UNTUK INDONESIA
Netizen Lebih Ingin Ahmad Dhani Bermusik
Warganet lebih ingin Ahmad Dhani berkarya di bidang musik ketimbang politik.
Ahmad Dhani Prasetyo di rumahnya di Jalan Pinang Emas VII, Pondok Pinang, Jakarta Selatan, selepas bebas dari LP Cipinang, Jakarta Timur, Senin, 30 Desember 2019. (Foto: Tagar/R Fatan)

Semarang - Netizen punya harapan Ahmad Dhani kembali ke jalur musik. Warganet banyak yang ingin Dhani tidak 'terjerumus' di dunia politik yang mengantarnya ke penjara. 
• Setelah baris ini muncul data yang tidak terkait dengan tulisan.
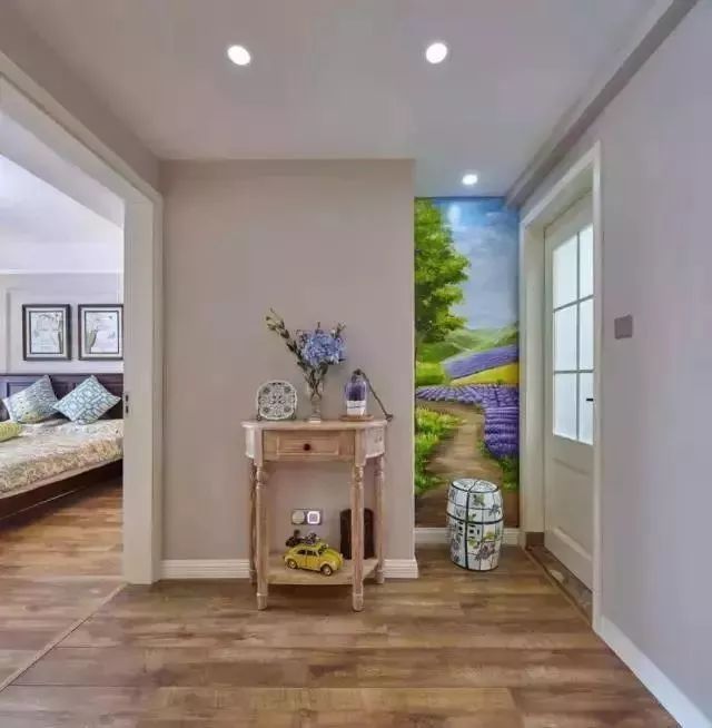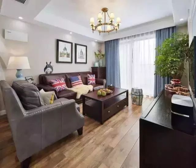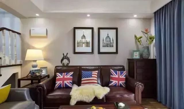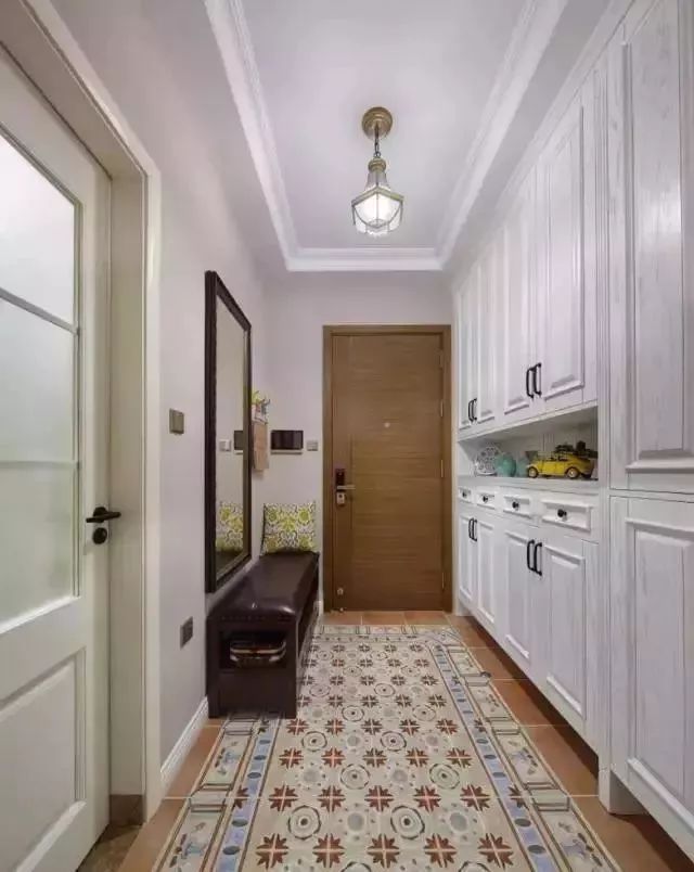 更多装修案例、家居经验欢迎关注微信公众号:jia-ms (美式装修案例精选)这是一个113平的美式风格案例,设计方面比较倾向简单,看着还有一种文艺青年的样子,大家看完成品后觉得如何。进门有一个大的玄关,打了一列收纳柜,有简单吊顶,另一边有全身镜和凳子。沙发是皮质的,比较复古的颜色,墙面以大白墙为

Musisi kontroversial bernama lengkap Ahmad Dhani Prasetyo ini akhirnya menghirup udara bebas. Ia meninggalkan LP Cipinang, Jakarta Timur dengan naik truk besar berjenis unimog, Senin, 30 Desember 2019

Pria 47 tahun itu terlihat memakai kopiah dan baju berwarna hitam saat keluar dari LP Cipinang sekitar pukul 09.30 WIB. Tanpa banyak bicara, musisi bertangan dingin itu langsung menuju truk besar.
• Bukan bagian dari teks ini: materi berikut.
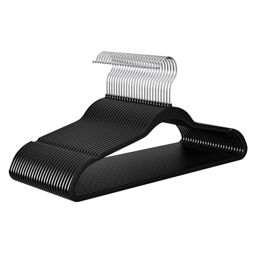 Galgar 50-pack – svarta plasthängare utan sammet för kläder – slitstark smal klädhängare – platsbesparande garderobshängare med kromkrok, icke-flockade hängare för klänningar rockar skjortor jackor

Di atas kendaraan, Dhani, istrinya Mulan Jameela, dan ketiga putranya langsung menuju rumahnya yang terletak di Jalan Pinang Emas VII, Pondok Pinang, Jakarta Selatan.

Kabar kebebasan pentolan grup musik Dewa itu santer direspon oleh media, namun tidak dengan warganet. Warganet tampaknya lebih tertarik menyongsong acara malam pergantian tahun.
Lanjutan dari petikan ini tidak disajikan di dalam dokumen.